I had a conversation with a Jew who owns a private plane. He is a caring person and belongs to a group called Angel Flights that provide free air transportation to qualifying patients and their families by arranging flights to distant medical facilities, delivering supplies to disaster areas, and reuniting families during desperate times. These pilots volunteer their time, services and the flight expense to transport these patients or family members for free to the location they need. This person told me he often spends his weekends, including Shabbos, volunteering to fly. Although these flights are solely for non-life-threatening situations and he knows the Torah does not permit it, he feels performing these acts of kindness is what Hashem wants more than keeping the laws of Shabbos.

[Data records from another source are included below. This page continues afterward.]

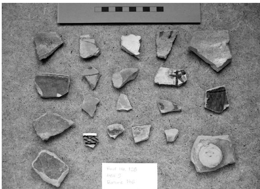
Golpayegan: Typical ceramic collection from upper stratum, consisting mostly of glazed sherds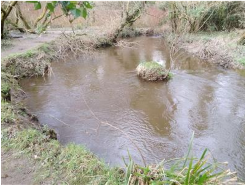
Figure 13. SS 62456 97615 facing US from the RHB.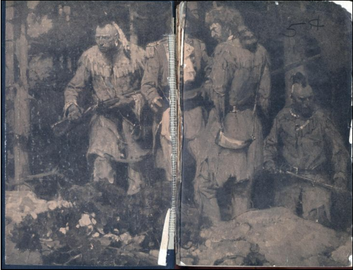
End of The Plains of Abraham by James Oliver Curwood]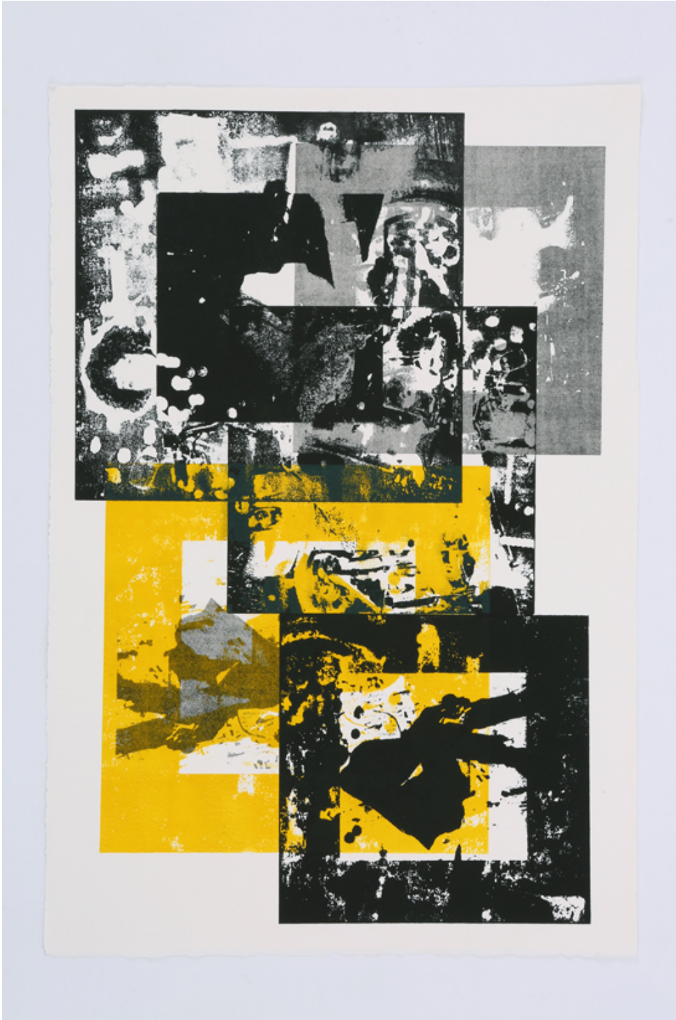
Memory Imprint (WH3) Photolithographs, 22" x 15" on Arches Cover White paper, 2019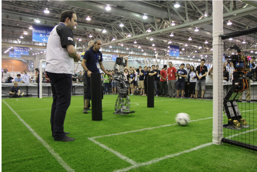
Fig. 2. Refereeing Duty during HL Game.

play evolves. By that time it would be desirable to have an automated referee assistant system to help judging the proposed rules.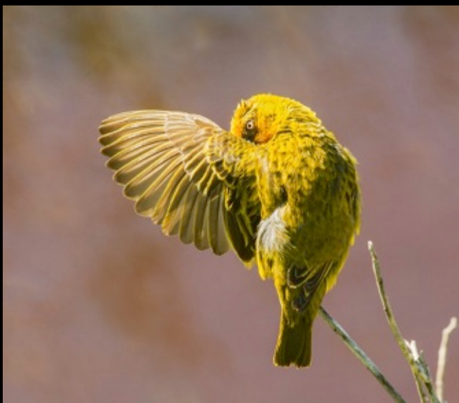
Clockwise from top left: Bokmakeirie, Southern Red Bishop, Cape Weaver, and Purple-crested Turaco.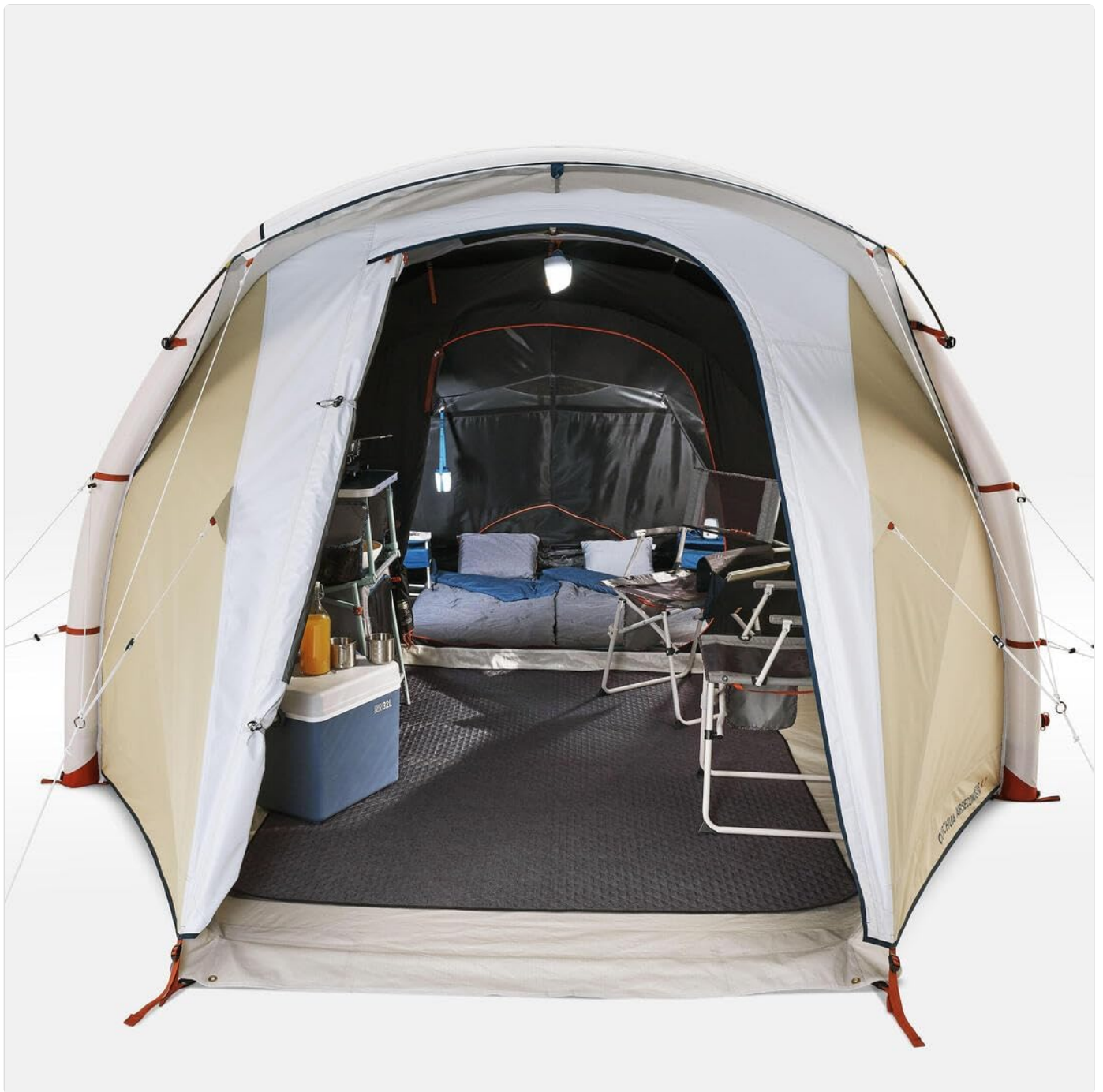
Image: The interior living space of the tent, showing ample room for camping furniture and gear.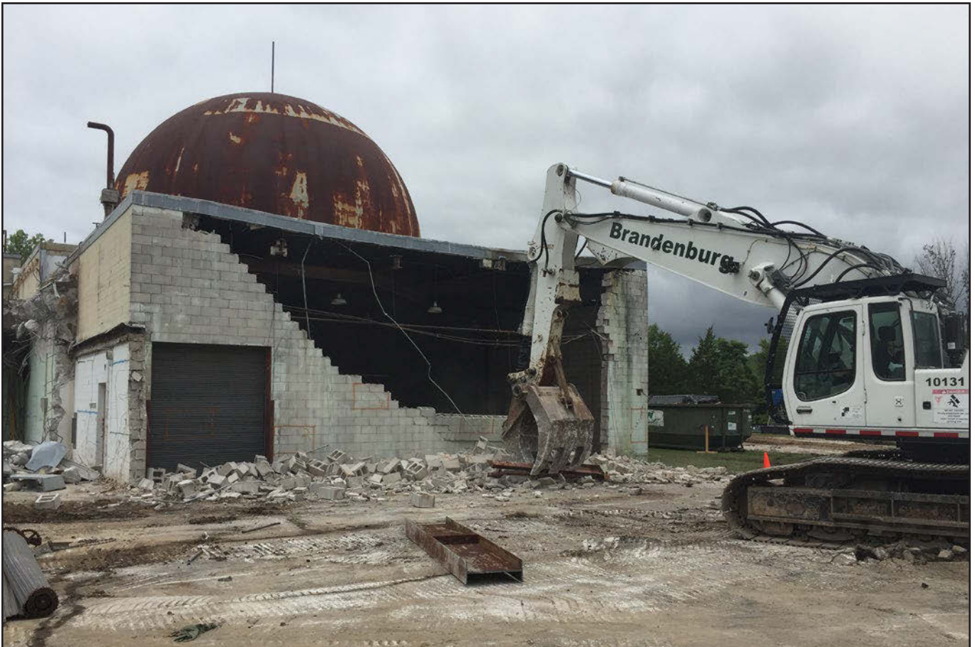
EnergySolutions' contract was modified in 2017 to incorporate further work that was supported by additional funding granted to UA. The second phase consisted of deconstruction of the operations and reactor support buildings, with additional efforts to characterize the reactor internals and complete passivation of all sodium waste in the primary system. Phase 2 work was completed in September 2017 and only the containment building remains.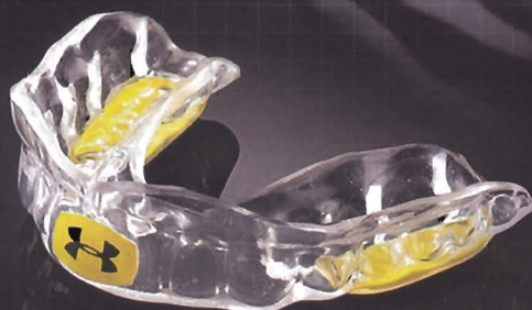
MOUTHGUARD FOR CONTACT SPORTS

This man’s actions are noble and generous, but not in tune with the will of the Almighty. Hashem does not want him to fly on Shabbos; that is not the chesed Hashem wants him to perform, unless it is halachically mandated.

Hashem was teaching Avraham that even though his desire to perform acts of chesed is genuine and admirable, his performance of chesed must always be under the umbrella of Hashem’s laws and direction. Without this, a person could save the life of a squirrel and kill an entire family, chas v’shalom. What is kind…and what is not…must always be rooted in the Torah’s teachings.